**YOUR ASSIGNMENT:** Your answer should be the entire listing, printed exactly.

**STORED DATA:**

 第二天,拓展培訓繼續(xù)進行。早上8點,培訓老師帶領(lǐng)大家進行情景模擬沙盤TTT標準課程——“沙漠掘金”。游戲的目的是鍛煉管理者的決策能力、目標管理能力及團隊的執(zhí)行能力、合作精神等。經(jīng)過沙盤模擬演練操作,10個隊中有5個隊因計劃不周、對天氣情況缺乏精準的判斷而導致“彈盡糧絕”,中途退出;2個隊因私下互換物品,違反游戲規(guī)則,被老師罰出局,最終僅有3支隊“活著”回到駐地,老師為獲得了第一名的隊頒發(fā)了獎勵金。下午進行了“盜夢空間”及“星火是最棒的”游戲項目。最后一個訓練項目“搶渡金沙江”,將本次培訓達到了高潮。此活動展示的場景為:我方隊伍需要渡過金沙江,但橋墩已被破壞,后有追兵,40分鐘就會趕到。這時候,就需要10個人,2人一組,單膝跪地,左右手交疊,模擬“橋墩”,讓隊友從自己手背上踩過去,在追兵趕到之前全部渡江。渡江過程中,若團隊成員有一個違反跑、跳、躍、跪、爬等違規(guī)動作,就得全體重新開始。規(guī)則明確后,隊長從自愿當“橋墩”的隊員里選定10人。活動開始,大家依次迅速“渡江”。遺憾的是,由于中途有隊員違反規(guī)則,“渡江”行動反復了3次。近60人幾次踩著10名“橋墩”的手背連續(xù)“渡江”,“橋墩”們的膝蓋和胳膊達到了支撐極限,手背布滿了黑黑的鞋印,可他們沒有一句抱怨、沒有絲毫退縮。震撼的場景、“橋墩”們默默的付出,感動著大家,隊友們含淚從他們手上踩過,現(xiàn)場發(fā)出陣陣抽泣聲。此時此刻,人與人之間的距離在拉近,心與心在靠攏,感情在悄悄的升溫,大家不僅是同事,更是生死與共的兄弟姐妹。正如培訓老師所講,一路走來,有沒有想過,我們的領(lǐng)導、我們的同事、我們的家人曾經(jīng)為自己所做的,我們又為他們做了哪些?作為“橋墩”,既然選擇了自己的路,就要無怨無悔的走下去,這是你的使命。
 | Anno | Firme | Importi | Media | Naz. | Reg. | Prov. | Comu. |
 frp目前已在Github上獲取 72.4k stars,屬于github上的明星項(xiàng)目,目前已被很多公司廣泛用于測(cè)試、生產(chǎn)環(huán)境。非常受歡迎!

**SOLUTION:**
 第二天,拓展培訓繼續(xù)進行。早上8點,培訓老師帶領(lǐng)大家進行情景模擬沙盤TTT標準課程——“沙漠掘金”。游戲的目的是鍛煉管理者的決策能力、目標管理能力及團隊的執(zhí)行能力、合作精神等。經(jīng)過沙盤模擬演練操作,10個隊中有5個隊因計劃不周、對天氣情況缺乏精準的判斷而導致“彈盡糧絕”,中途退出;2個隊因私下互換物品,違反游戲規(guī)則,被老師罰出局,最終僅有3支隊“活著”回到駐地,老師為獲得了第一名的隊頒發(fā)了獎勵金。下午進行了“盜夢空間”及“星火是最棒的”游戲項目。最后一個訓練項目“搶渡金沙江”,將本次培訓達到了高潮。此活動展示的場景為:我方隊伍需要渡過金沙江,但橋墩已被破壞,后有追兵,40分鐘就會趕到。這時候,就需要10個人,2人一組,單膝跪地,左右手交疊,模擬“橋墩”,讓隊友從自己手背上踩過去,在追兵趕到之前全部渡江。渡江過程中,若團隊成員有一個違反跑、跳、躍、跪、爬等違規(guī)動作,就得全體重新開始。規(guī)則明確后,隊長從自愿當“橋墩”的隊員里選定10人。活動開始,大家依次迅速“渡江”。遺憾的是,由于中途有隊員違反規(guī)則,“渡江”行動反復了3次。近60人幾次踩著10名“橋墩”的手背連續(xù)“渡江”,“橋墩”們的膝蓋和胳膊達到了支撐極限,手背布滿了黑黑的鞋印,可他們沒有一句抱怨、沒有絲毫退縮。震撼的場景、“橋墩”們默默的付出,感動著大家,隊友們含淚從他們手上踩過,現(xiàn)場發(fā)出陣陣抽泣聲。此時此刻,人與人之間的距離在拉近,心與心在靠攏,感情在悄悄的升溫,大家不僅是同事,更是生死與共的兄弟姐妹。正如培訓老師所講,一路走來,有沒有想過,我們的領(lǐng)導、我們的同事、我們的家人曾經(jīng)為自己所做的,我們又為他們做了哪些?作為“橋墩”,既然選擇了自己的路,就要無怨無悔的走下去,這是你的使命。
 | Anno | Firme | Importi | Media | Naz. | Reg. | Prov. | Comu. |
 frp目前已在Github上獲取 72.4k stars,屬于github上的明星項(xiàng)目,目前已被很多公司廣泛用于測(cè)試、生產(chǎn)環(huán)境。非常受歡迎!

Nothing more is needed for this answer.